Modeling, Quantifying, and Limiting Adversary Knowledge

Thumbnail Image
Publication or External Link
Mardziel, Piotr
Hicks, Michael
Users participating in online services are required to relinquish control over potentially sensitive personal information, exposing them to intentional or unintentional miss-use of said information by the service providers. Users wishing to avoid this must either abstain from often extremely useful services, or provide false information which is usually contrary to the terms of service they must abide by. An attractive middle-ground alternative is to maintain control in the hands of the users and provide a mechanism with which information that is necessary for useful services can be queried. Users need not trust any external party in the management of their information but are now faced with the problem of judging when queries by service providers should be answered or when they should be refused due to revealing too much sensitive information. Judging query safety is difficult. Two queries may be benign in isolation but might reveal more than a user is comfortable with in combination. Additionally malicious adversaries who wish to learn more than allowed might query in a manner that attempts to hide the flows of sensitive information. Finally, users cannot rely on human inspection of queries due to its volume and the general lack of expertise. This thesis tackles the automation of query judgment, giving the self-reliant user a means with which to discern benign queries from dangerous or exploitive ones.
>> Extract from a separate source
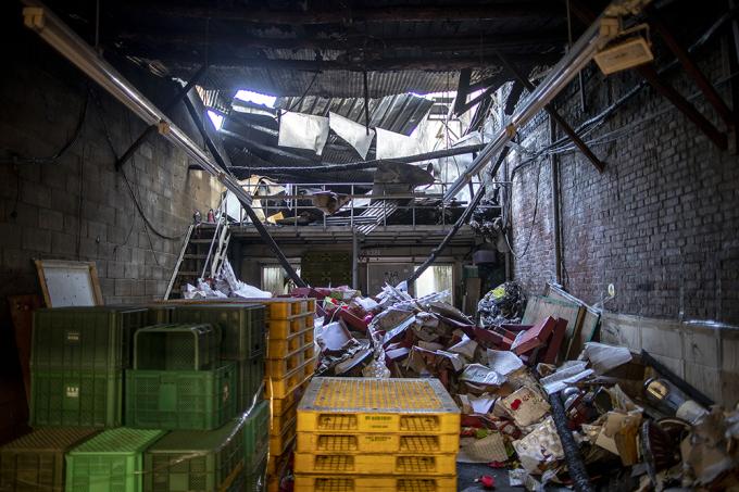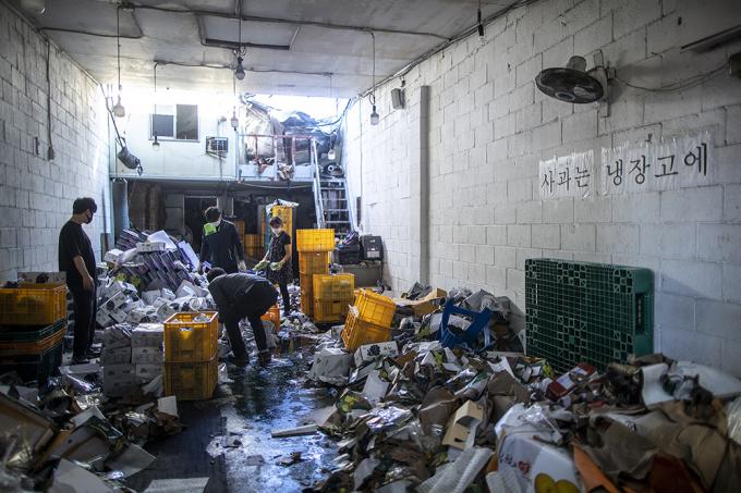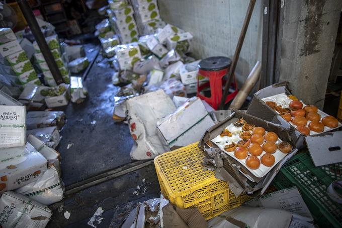 22일 오전 전날 큰 화재가 발생한 서울 동대문구 청량리 청과물시장에 검게 그을리고 뭉개진 배와 감 상자가 쌓여있다.

The approach is based on explicit modeling and tracking of the knowledge of adversaries as they learn about a user through the queries they are allowed to observe. The approach quantifies the absolute risk a user is exposed, taking into account all the information that has been revealed already when determining to answer a query. Proposed techniques for approximate but sound probabilistic inference are used to tackle the tractability of the approach, letting the user tradeoff utility (in terms of the queries judged safe) and efficiency (in terms of the expense of knowledge tracking), while maintaining the guarantee that risk to the user is never underestimated. We apply the approach to settings where user data changes over time and settings where multiple users wish to pool their data to perform useful collaborative computations without revealing too much information. By addressing one of the major obstacles preventing the viability of personal information control, this work brings the attractive proposition closer to reality.